Sorry, but I don't really understand what you mean...

----------

## erik258

your version of cpufrequtils may be configured to require modules which are no longer available or required.

----------

## kirikou

I emerged cpufreqd and cpufrequtils and even try a reboot, but I always got the same error...   :Sad: 

----------

## erik258

then perhaps it is necessary to have them as modules.  it's not unheard of for things to necessarily be modules.

----------

## kirikou

I put it in hard in the kernel because of the Power Management Guide of Gentoo (http://www.gentoo.org/doc/en/power-management-guide.xml).

Anyway, I'll try to put it as a module.

Thanks!

----------

## kirikou

I try to put it as a module, but I noticed no changes... I really don't understand... any other ideas maybe ? I'm short of them   :Sad: 

----------

## kirikou

Does anybody have this problem too?

I can past my .config if needed, other any other configuration file that might help you to help me!!

Thanks!!

----------

## d2_racing

It's the first time that I see that... I'm very curious about that problem...

I don't know what can cause this problem.

Maybe...can you post your /proc/cpuinfo with an old kernel and after that boot with your new kernel and post /proc/cpuinfo...

----------

## kirikou

The problem is that I haven't any old kernel...

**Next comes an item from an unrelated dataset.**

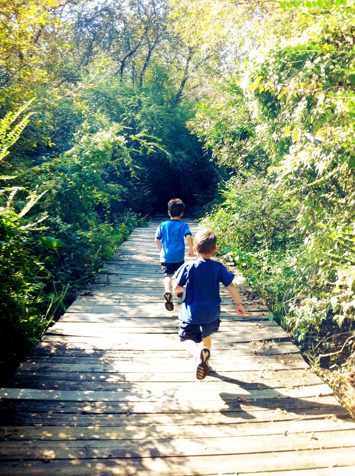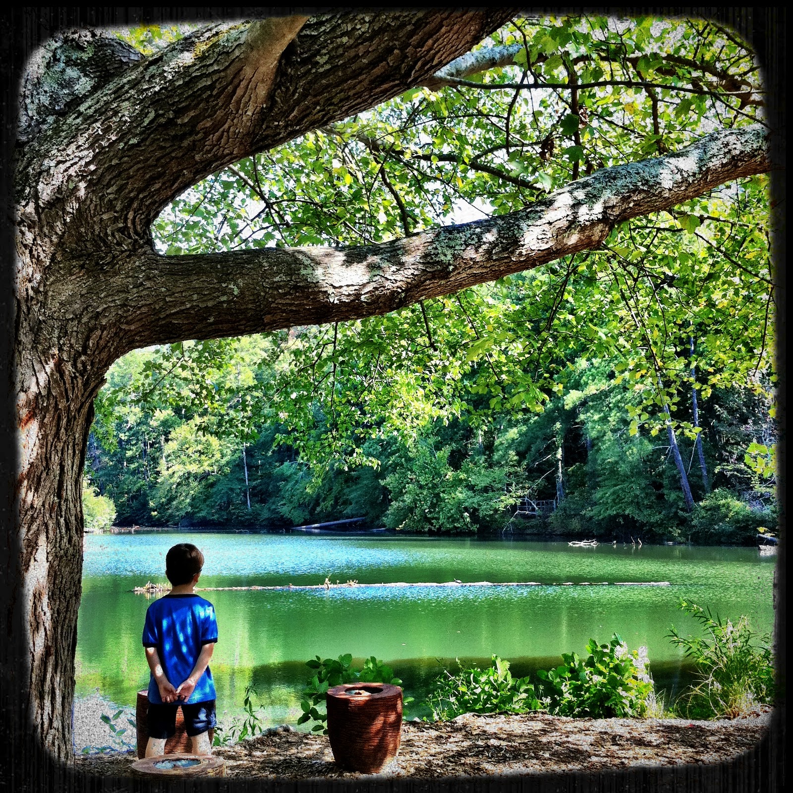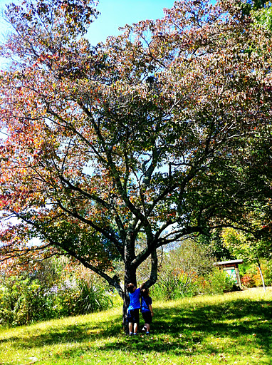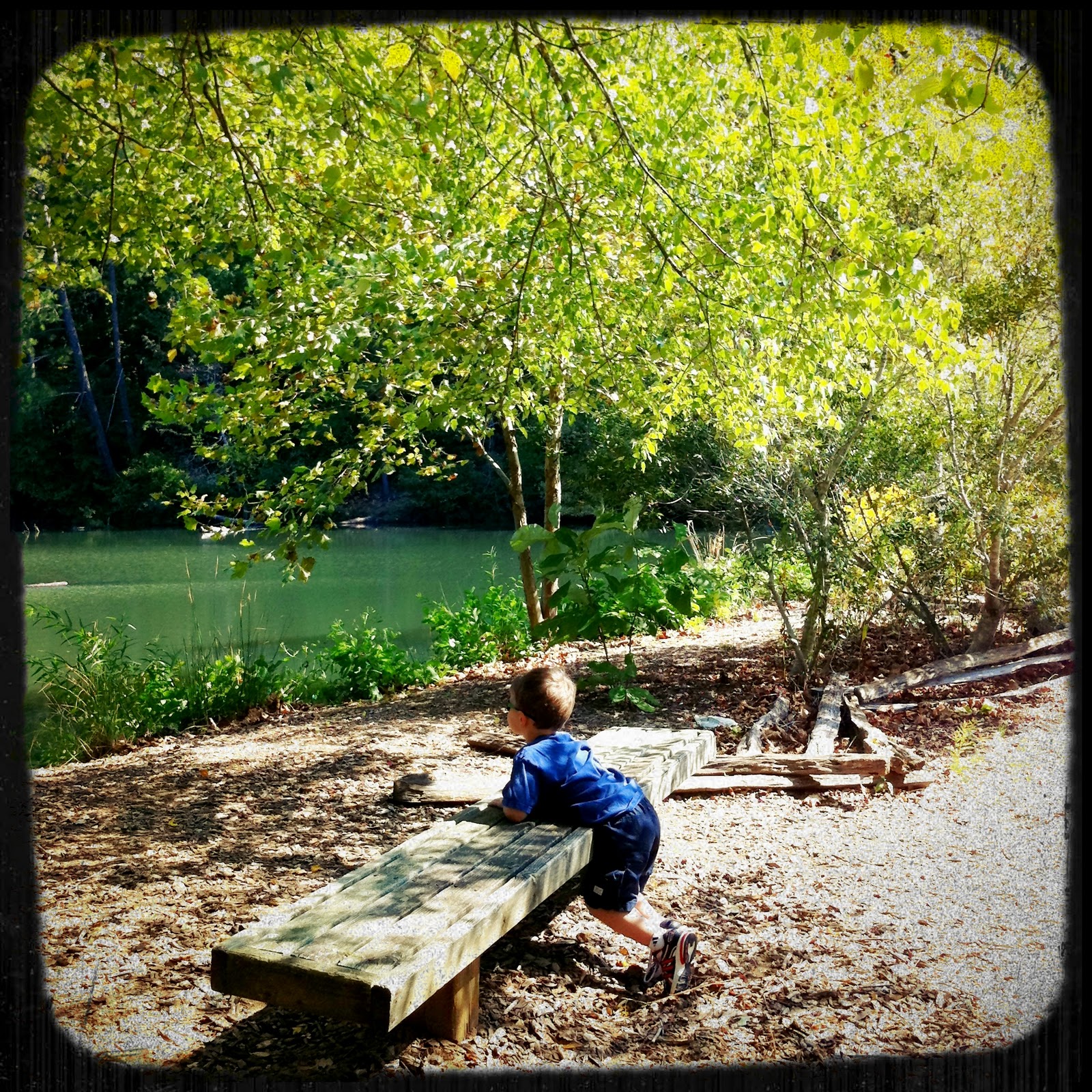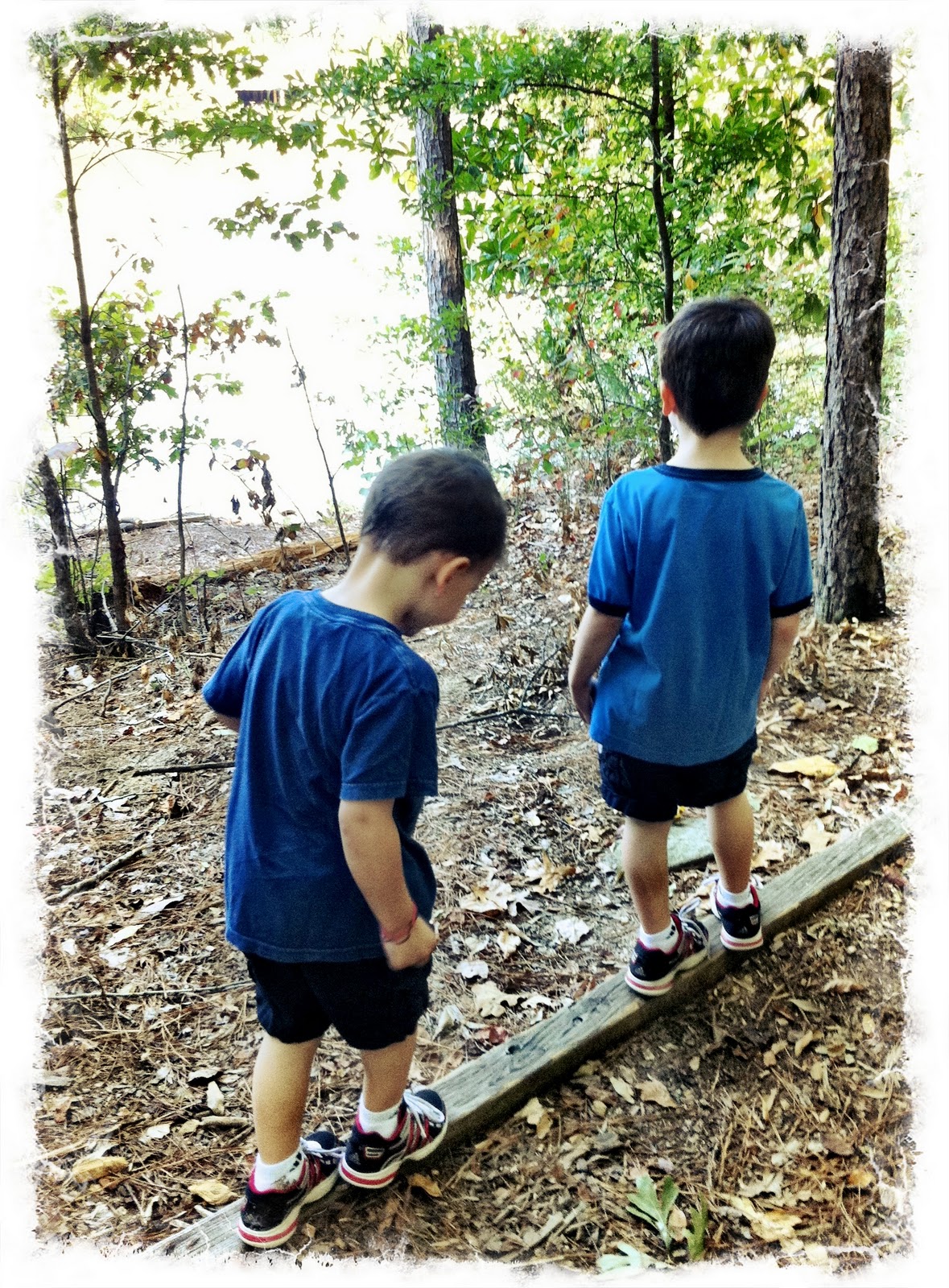 We got out of the car and felt the breeze mixing with the sunshine, and the sound of the leaves dancing and the water glistening and reflecting the blue sky…when the serenity of the moment was broken by my 5 yr. old saying, “Daddy, look! The trees are dropping their leaves so that they can be necked!” “Naked?” he replied. “Yeah, necked! That’s what mommy said.”

What do you propose? I use gentoo-source-2.6.22-r6... but I can try to compile a gentoo-source-2.6.22-r8... don't know if it might change something...

I really don't have any more ideas... I always configured my kernel in the same way and never had problems before. All seems to be well configured, but it doesn't work anyway.  :Sad: 

I've just upgraded to kernel-2.6-23, but the problem remain... 

Any ideas of what I've forgotten in my kernel (I don't see any other possible explanation...)

Thanks.

----------

## lodder_

 *kirikou wrote:*   

> The problem is that I haven't any old kernel...
> 
> What do you propose? I use gentoo-source-2.6.22-r6... but I can try to compile a gentoo-source-2.6.22-r8... don't know if it might change something...
> 
> I really don't have any more ideas... I always configured my kernel in the same way and never had problems before. All seems to be well configured, but it doesn't work anyway. 
> ...

 

Have you been able to solve it?

----------

## freakant

I was experiencing the same problem and solved it setting the exact kernel configuration shown on this post:

https://forums.gentoo.org/viewtopic-p-4483781.html#4483781

----------